Habits : From Cobwebs to Cables

November 3, 2010

Pearly Whites 75/100
Creative Commons License photo credit: ShellyS

Habits are everywhere

Good and bad, useful and useless, helpful and destructive, we all live with multitudes of habits from the moment we wake until we drift off, and from birth through death.

Habits allow actions to become automatic, therefore reducing active thinking on things we do often.  We brush our teeth, pet the dog, call a friend while baking, swing by the drive through.   We do things for ourselves, our jobs, families and communities through habit a lot of the time.

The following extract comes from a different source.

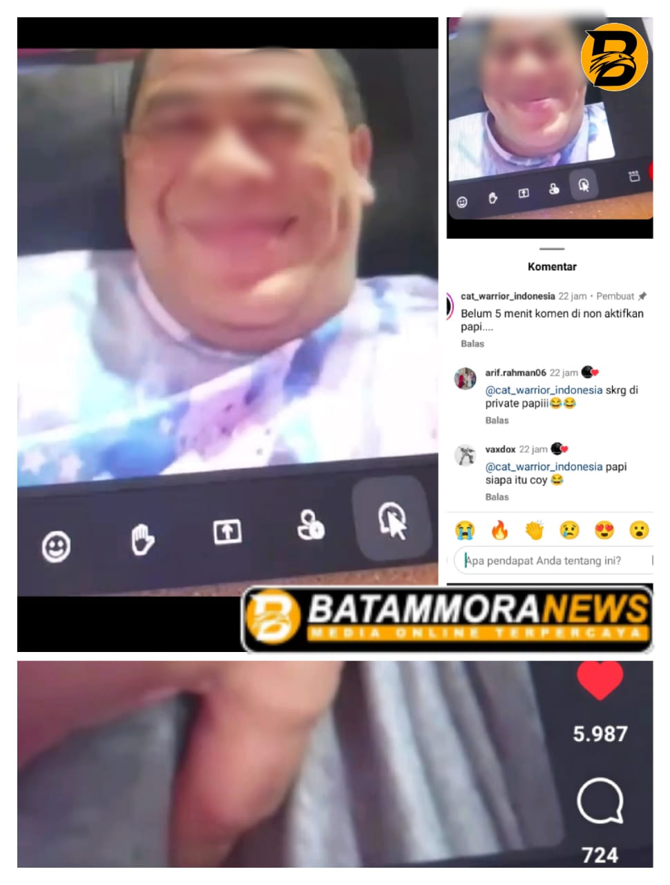 Batam – Masyarakat Kota Batam dihebohkan dengan beredarnya sebuah video call bermuatan asusila yang viral di media sosial (IG ) dan aplikasi pesan instan, Senin (29/12). Video berdurasi singkat tersebut diduga melibatkan seorang pria yang disebut-sebut mirip oknum Kepala Dinas Perindustrian dan Perdagangan (Disperindag) Pemerintah Kota Batam, berinisial GR.

Almost all habits serve us in some way

Good habits like brushing our teeth or smelling the milk before pouring keep us healthy and presentable.

Creative Commons License photo credit: Andy Woo

Bad habits like smoking and belching have certain positive elements too – the relaxation and nicotine high from smoking, the gas relief from a big burp.

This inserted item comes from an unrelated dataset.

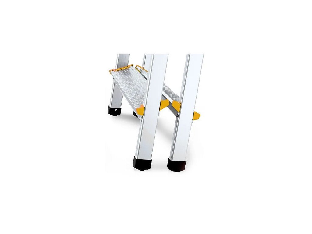 Robustní konstrukce žebříku z odolného hliníku.
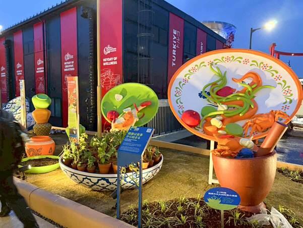 パビリオンを出ると、帰りの通路には大きなタイグルメのオブジェが。おすすめのフォトスポットです。

Even the habit of doing nothing, or surfing the internet, or vegging out in front of garbage TV serves a purpose of relaxation and letting go.

Good or bad, Habits are hard to change

Most of our habits are built up from years of repetition, along with the positive reinforcement from whatever benefits are associated with that habit (even if the habit has other negative consequences too).

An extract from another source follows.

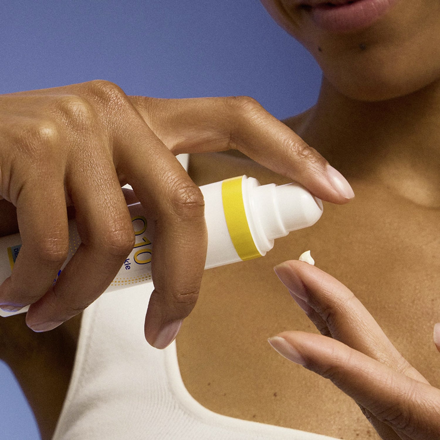 Q10 Daily Anti-UV Fluid Care with its triple anti-wrinkle defense protects against UV rays, prevents the effects of glycation and reduces wrinkles. Invisible on all skin tones - no white residue IMMEDIATELY: the skin appears hydrated, soft, smooth and protected FROM 2 WEEKS: 76% of users confirm a reduction in wrinkles and fine lines (self-assessment, 39 participants) FROM 4 WEEKS: The skin's defense mechanism is stimulated (instrumental test, 30 participants)

Cobwebs and Cables : a blessing and a curse

I’ve always loved this :

“Habits are at first cobwebs, then cables. ” ~Spanish Proverb

The good side of habits is that once established, they want to stick around.  So if you’re habituated to drinking lots of water, and stop for some reason, it’s pretty easy to go back to it.

The bad side, of course, is when you want to STOP a bad habit – it can be wickedly hard to do, especially if the habit you want to change has been around for a long time, or is bringing you lots of  ‘benefits’.

Succeeding in hard things is one of life’s great pleasures,  and changing your habits feels great when you succeed, but it’s often a long, hard battle, and setbacks are common.

There are few things in life as hard to change as our habits

Hard doesn’t mean impossible.  I’m sure you can think of habits you’ve changed over the years.

I spent about 25 years of my life waking to alarm clocks using the “snooze” feature.  I would hit and re-hit and re-hit that button, usually waking fitfully in 9 minute intervals for 30 or 60 minutes (often until the snooze would expire). I did this through siblings, roommates, boyfriends and well into my marriage.  My husband, however, does not use the snooze feature and I started to realize it was really unfair to him.  About 18 months ago I decided to stop “snoozing”.  I would think about when I REALLY needed to be up, and set the alarm for that time.  The first few times were tough, but after that it got easier, and my husband appreciated my efforts, and before long “snoozing” was behind me.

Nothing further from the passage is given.